Bug#908678: Some more thoughts and some tests on the security-tracker git repo

To: Daniel Lange <DLange@debian.org>, 908678@bugs.debian.org, 908678@bugs.debian.org
Cc: Guido Günther <agx@sigxcpu.org>, Bastian Blank <waldi@debian.org>
Subject: Bug#908678: Some more thoughts and some tests on the security-tracker git repo
From: Antoine Beaupré <anarcat@debian.org>
Date: Fri, 09 Nov 2018 18:05:55 -0500
Message-id: <[🔎] 87sh09j1gs.fsf@curie.anarc.at>
Reply-to: Antoine Beaupré <anarcat@debian.org>, 908678@bugs.debian.org
In-reply-to: <[🔎] 87y3a2hshp.fsf@curie.anarc.at>
References: <20180912131055.srfkzw5nefmcoqnh@shell.thinkmo.de> <48a81bd6-3e71-50b1-0c59-c94fbbd58a94@debian.org> <[🔎] 87y3a2hshp.fsf@curie.anarc.at> <20180912131055.srfkzw5nefmcoqnh@shell.thinkmo.de>

On 2018-11-09 16:05:06, Antoine Beaupré wrote:
>  2. do a crazy filter-branch to send commits to the right
>     files. considering how long an initial clone takes, i can't even
>     begin to imagine how long *that* would take. but it would be the
>     most accurate simulation.
>
> Short of that, I think it's somewhat dishonest to compare a clean
> repository with split files against a repository with history over 14
> years and thousands of commits. Intuitively, I think you're right and
> that "sharding" the data in yearly packets would help a lot git's
> performance. But we won't know until we simulate it, and if hit that
> problem again 5 years from now, all that work will have been for
> nothing. (Although it *would* give us 5 years...)
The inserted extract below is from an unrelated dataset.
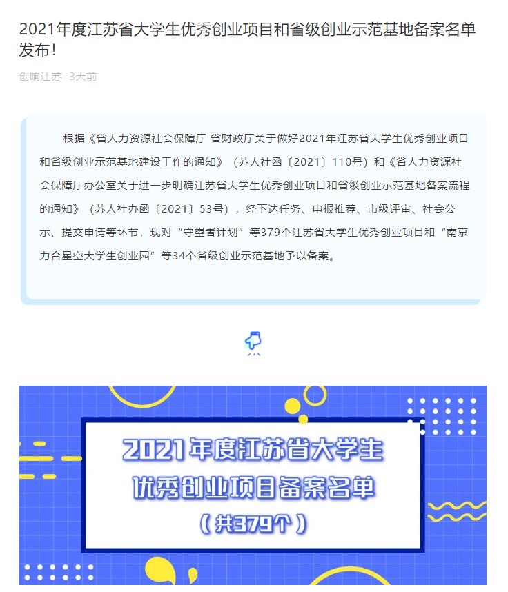 根据《省人力资源社会保障厅省财政厅米兰(中国)体育·官方网站做好2021年江苏省大学生优秀创业项目和省级创业示范基地建设工作的通知》(苏人社函[2021]110号)和《省人力资源社会保障厅办公室米兰(中国)体育·官方网站进一步明确江苏省大学生优秀创业项目和省级创业示范项基地备案流程的通知》(苏人社办函[2021]53号),经学院申报推荐、市级评审、社会公示,提交申请等流程,AC MILAN艺术设计学院20届毕业生胡飞同学“时光印记”新媒体应用平台项目(已落户太仓市文创孵化基地)获2021年度江苏省大学生优秀创业项目备案。

So I've done that craaaazy filter-branch, on a shallow clone (1000
commits). The original clone is about 30MB, but the split repo is only
4MB.

Cloning the original repo takes a solid 30+ seconds:

[1221]anarcat@curie:src130$ time git clone file://$PWD/security-tracker-1000.orig security-tracker-1000.orig-test
Clonage dans 'security-tracker-1000.orig-test'...
remote: Énumération des objets: 5291, fait.
remote: Décompte des objets: 100% (5291/5291), fait.
remote: Compression des objets: 100% (1264/1264), fait.
remote: Total 5291 (delta 3157), réutilisés 5291 (delta 3157)
Réception d'objets: 100% (5291/5291), 8.80 MiB | 19.47 MiB/s, fait.
Résolution des deltas: 100% (3157/3157), fait.
64.35user 0.44system 0:34.32elapsed 188%CPU (0avgtext+0avgdata 200056maxresident)k
0inputs+58968outputs (0major+48449minor)pagefaults 0swaps

Cloning the split repo takes less than a second:

[1223]anarcat@curie:src$ time git clone file://$PWD/security-tracker-1000-filtered security-tracker-1000-filtered-test
Clonage dans 'security-tracker-1000-filtered-test'...
remote: Énumération des objets: 2214, fait.
remote: Décompte des objets: 100% (2214/2214), fait.
remote: Compression des objets: 100% (1190/1190), fait.
remote: Total 2214 (delta 936), réutilisés 2214 (delta 936)
Réception d'objets: 100% (2214/2214), 1.25 MiB | 22.78 MiB/s, fait.
Résolution des deltas: 100% (936/936), fait.
0.25user 0.04system 0:00.38elapsed 79%CPU (0avgtext+0avgdata 8200maxresident)k
0inputs+8664outputs (0major+3678minor)pagefaults 0swaps

So this is clearly a win, and I think it would be possible to rewrite
the history using the filter-branch command. Commit IDs would change,
but we would keep all commits and so annotate and all that good stuff
would still work.

The split-by-year bash script was too slow for my purposes: it was
taking a solid 15 seconds for each run, which meant it would have taken
9 *days* to process the entire repository.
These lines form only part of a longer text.